В петергофском парке можно проехать с милю, не побывав два раза на одной и той же аллее; вообразите же себе весь этот парк в огне! В этой льдистой и лишенной яркого солнечного света стране иллюминации похожи на пожары. Кажется, будто ночь хочет вознаградить людей за тусклый день. Деревья исче­зают под бриллиантовыми ризами и в каждой аллее огней больше,чем листьев. Перед вами Азия, не реальная Азия наших дней, но сказочный Багдат из «Тысячи и одной ночи» или еще более ска­зочный Вавилон времен Семирамиды(Семирамида - жена ассирийского царя Нина (VIII в. до начала нашего ле­тосчисления). Она избрала своей столицей Вавилон, который украсила со ска­зочным великолепием. Между другими замечательными сооружениями Семира­мида устроила знаменитые висячие сады, считавшиеся одним из семи чудес света. )

Говорят, что в день тезоименитства императрицы шесть тысяч экипажей, тридцать тысяч пешеходов и бесчисленное множество лодок покидают Петербург и располагаются лагерем вокруг Петер­гофа. Это единственный день, когда я видел настоящую толпу в России. Штатский бивуак в насквозь военной стране сам по себе уже диковинка. Конечно, войска тоже принимают участие в празднестве: часть гвардии и кадетские корпуса стоят в лагерях около царской резиденции. И весь этот люд - офицеры, солдаты, купцы, крепостные, дворяне, царедворцы - бродят, перемешав­шись друг с другом, в лесу, откуда мрак ночной изгнан двумя с половиной сотнями тысяч огней.

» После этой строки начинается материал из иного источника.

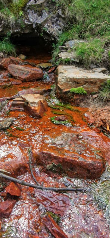 Après le repas, 9 assoiffés de grands espaces rejoignent les sources de la Reine2, 2 sources d'eau ferrugineuse (L'alcool non, mais l'eau ferru, l'eau ferrugineuse oui !, disait Bourvil, citation pour les plus de 60 ans). Deux trous suintent en continu, déversant une eau couleur de rouille, étonnant et très joli spectacle.

Мне назвали эту цифру, и я ее повторяю наобум, ибо для меня двести тысяч и два миллиона не составляют разницы - я не имею соответствующего глазомера. Я знаю одно: это огром­ное количество огней дает столько света, что перед ним меркнет естественный свет северного дня. В России император затмевает солнце. К концу лета ночи здесь вступают в свои права и быстро увеличиваются, так что без иллюминации вчера было бы темно в течение нескольких часов.

Мне передавали еще, что тысяча восемьсот человек зажигают в тридцать пять минут все огни парка. Примыкающая к дворцу часть парка освещается в пять минут. Напротив главного балкона дворца начинается канал, прямой как стрела и доходящий до само­го моря. Эта перспектива производит магическое впечатление: водная гладь канала обрамлена таким множеством огней и отра­жает их так ярко, что кажется жидким пламенем. Нужно иметь богатейшее воображение, чтобы изобразить словами волшебную картину иллюминации. Огни расположены с большой изобре­тательностью и вкусом, образуя самые причудливые сочетания. Вы видите то огромные, величиной с дерево, цветы, то солнца, то вазы, то трельяжи из виноградных гроздьев, то обелиски и колон­ны, то стены с разными арабесками в мавританском стиле. Одним словом, перед вашими глазами оживает фантастический мир, одно чудо сменяет другое с невероятной быстротой. Голова кружится от целых потоков, сверкающих всеми цветами радуги драгоценных камней на драпировках и нарядах гостей. Все горит и блестит, вез­де море пламени и бриллиантов. Становится страшно, как бы это великолепное зрелище не закончилось грудой пепла, подобно настоящему пожару.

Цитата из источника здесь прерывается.